朝の5時前から外に出る用事のある僕も僕だが、早朝から犬に襲われてからというものの、とにかく運が悪い。

 


その犬はどこぞの立派な家の飼い犬で、僕はその家の前を通りかかっただけだった。勿論家の敷地に入ってはいないし、余計な素振りも見せていない。

 


遠くから犬が吠えるなぁと思っていた。そしたらタッタタッタと走ってきた。リードをつけていない放し飼い状態だった。
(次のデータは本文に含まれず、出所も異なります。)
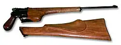 One of the experimental ideas was the creation of a pistol-carbine for use by light cavalry. They had "slab-sided" receivers, standard 10-round magazines, permanently affixed wooden stocks and forends, and lengthened 300 millimetres (12 in) (early production) or 370 millimetres (15 in) (late production) barrels. They were dropped from production after 1899 due to poor sales and little military interest.

リードをつけていない事実と、遠くで見るよりも近づいてきたらでかかったことと、随分家から離れているのに追ってきたことで僕はとても怖くなった。

 


クロックタワー2(PSのホラーゲーム)をプレイしたことのある方ならわかると思うが、ステージ2で選択肢を誤ると飼い犬に噛み殺されてしまう場面がある。

 


幼少から何十回とプレイしたクロックタワー2の場面が脳裏にフラッシュバックし、僕の怖さは倍増した。「噛み殺されてしまう」

 


ゲームでは、粉せっけんで犬を目潰しして難を逃れるが、令和の世に粉せっけんを常備している人などいない。と同時に、飼い犬だから傷なんかつけたら可愛がっているであろう飼い主にひどいことをしてしまうとも瞬時に考えた。

 


僕は飛びかかってきた犬に対して持っていた傘で身を守りながら必死に逃げた。逃げまくった。あの瞬間は世界で一番僕が緊急事態だった。

 

 

 

しばらく逃げ、転げるように畑に足を踏み入れると、犬は追ってこなくなった。朝焼けに照らされ逆光でシルエットだけになった犬が遠くにそびえていた。僕は犬に負けたが優しさで勝ったと思った。

 

 

 

そこからとにかく運が悪かった。

立ち寄った銭湯で僕のシャワーだけ壊れて水流が全開になり止まらなくなった(犬に襲われた日だった)。練習が終わって家に帰ると足の爪が剥がれていた(絆創膏で止めた)。何もしていないのにパソコンの電源ケーブルが断線していた。最終的にはお給料を間違って少なく計算されていて「ごめんね差額は来月ね★」と言われどん底に落ちた気分になってそのまま誕生日を迎えた。

 


今はある程度落ち着いて「運悪い期間」を脱しつつある。ジョジョの作者である荒木飛呂彦氏が文庫本40巻のあとがきで「何もしていないのに、わけもわからず攻撃される時期」を表す、『攻撃される季節』のことに触れていたが、きっとそういう乱気流のような季節に突入していたのだろう。

 


ただ、その間すごくレコーディングした。これでプラマイゼロだ。そう思わないと、自分が報われない。